2.3 KiB
Leetcode Merge-Two-Binary-Trees
2022-07-16 09:11
Algorithms:
#algorithm #DFS #DFS_inorder
Data structures:
#DS #binary_tree
Difficulty:
#coding_problem #difficulty-easy
Additional tags:
#leetcode
Revisions:
N/A
Related topics:
tag:#DFS OR tag:#BFS
Links:
Problem
You are given two binary trees root1 and root2.
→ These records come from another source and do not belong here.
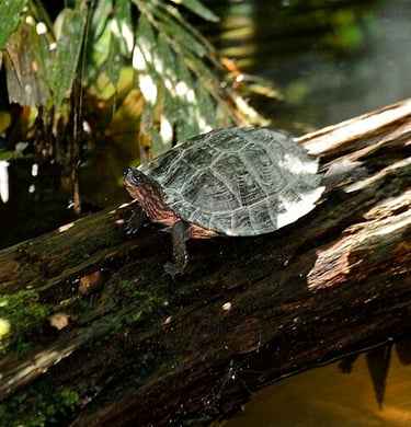 possesses distinct, leaf-shaped carapace. These terrapins live in forest streams and are sadly becoming rarer due to harvests for the pet and food trade.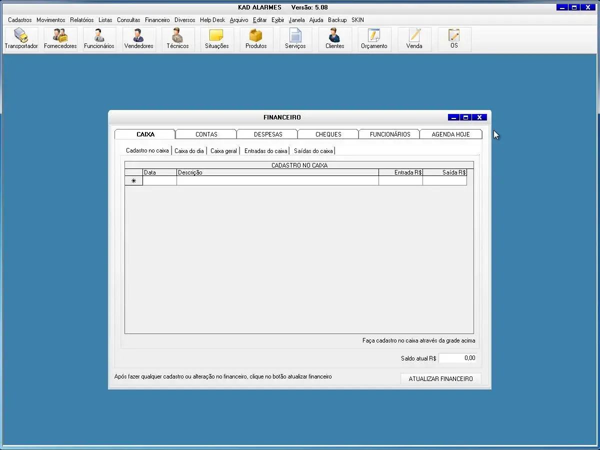 O programa para empresa de alarmes possui controle financeiro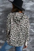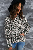 Leopard Print Drawstring Hoodie with Kangaroo Pocket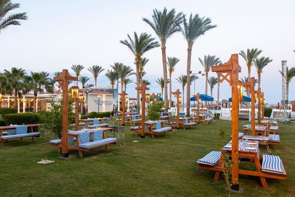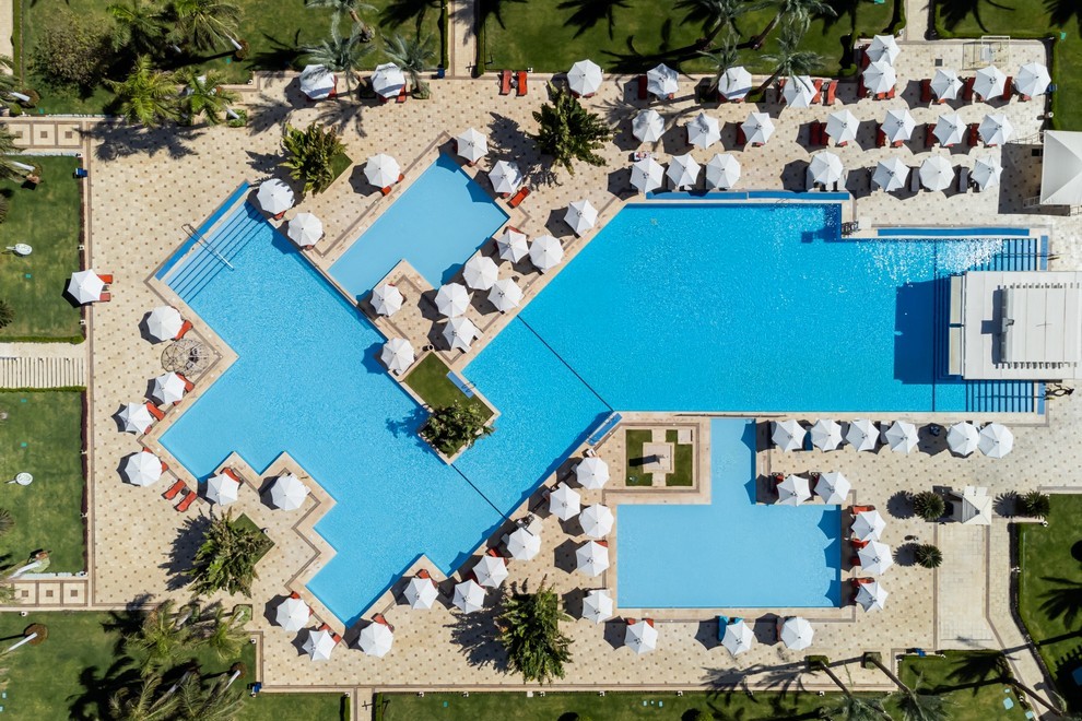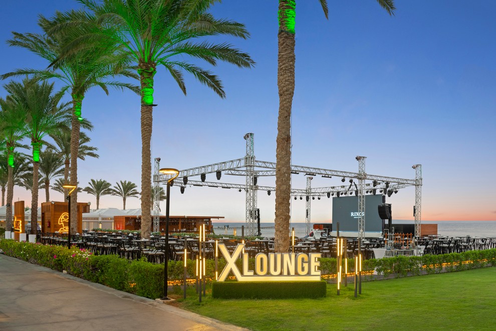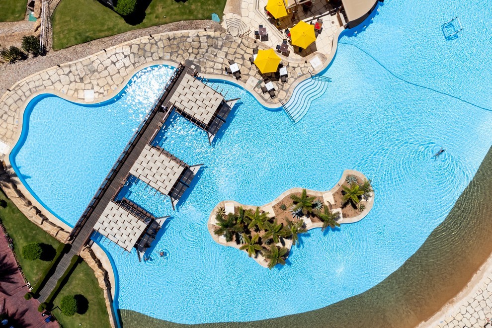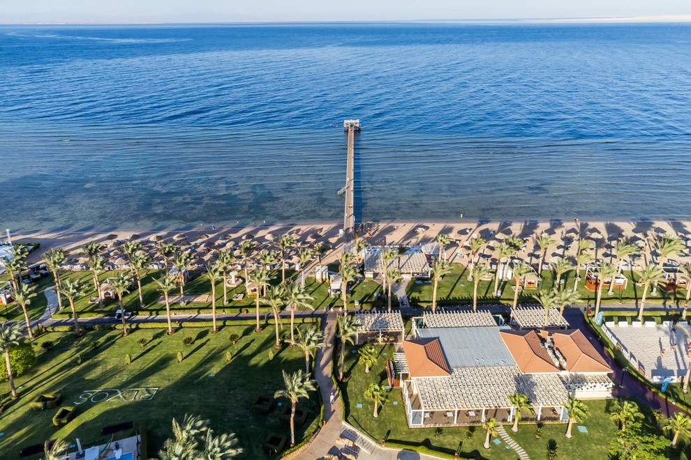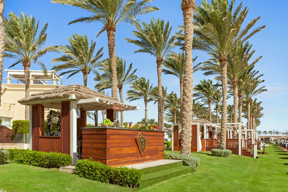 Собствен пясъчен и коралов плаж, дълъг 330 м, с понтон, дълъг 147 м. Безплатен шатъл до плажа. Външни басейни с прясна вода: Лагунен басейн: 4000 кв.м. Оазисен басейн: 2400 кв.м, отопляем през зимата. Учебен басейн: 1300 кв.м. Романтичен басейн: 420 кв.м. Пещерен басейн: 150 кв.м. Палмов басейн: 150 кв.м. Аквапарков басейн: 150 кв.м, отопляем през зимата. Павилиони край басейна (близо до Лагунния басейн) - срещу допълнително заплащане.

Imagine that when you put one of them to cover the other, some nodes of the two trees are overlapped while the others are not. You need to merge the two trees into a new binary tree. The merge rule is that if two nodes overlap, then sum node values up as the new value of the merged node. Otherwise, the NOT null node will be used as the node of the new tree.
Return the merged tree.
Note: The merging process must start from the root nodes of both trees.
Examples
Example 1:
Input: root1 = [1,3,2,5], root2 = [2,1,3,null,4,null,7] Output: [3,4,5,5,4,null,7]
Example 2:
Input: root1 = [1], root2 = [1,2] Output: [2,2]
Constraints
- The number of nodes in both trees is in the range
[0, 2000]. -104 <= Node.val <= 104
Thoughts
[!summary] This is a #DFS problem, can be solved with recursion
DFS preorder recursion:
-
Base case: one leaf is empty, return another
-
add value from root2 to root1
-
root1->left = recurse
-
root1->right = recurse
-
return root1
Solution
/**
* Definition for a binary tree node.
* struct TreeNode {
* int val;
* TreeNode *left;
* TreeNode *right;
* TreeNode() : val(0), left(nullptr), right(nullptr) {}
* TreeNode(int x) : val(x), left(nullptr), right(nullptr) {}
* TreeNode(int x, TreeNode *left, TreeNode *right) : val(x), left(left),
* right(right) {}
* };
*/
class Solution {
public:
TreeNode *mergeTrees(TreeNode *root1, TreeNode *root2) {
// DFS preorder
// if both are nullptr, return root2, which is a nullptr
if (!root1) {
return root2;
} else if (!root2) {
return root1;
}
root1->val += root2->val;
root1->left = mergeTrees(root1->left, root2->left);
root1->right = mergeTrees(root1->right, root2->right);
return root1;
}
};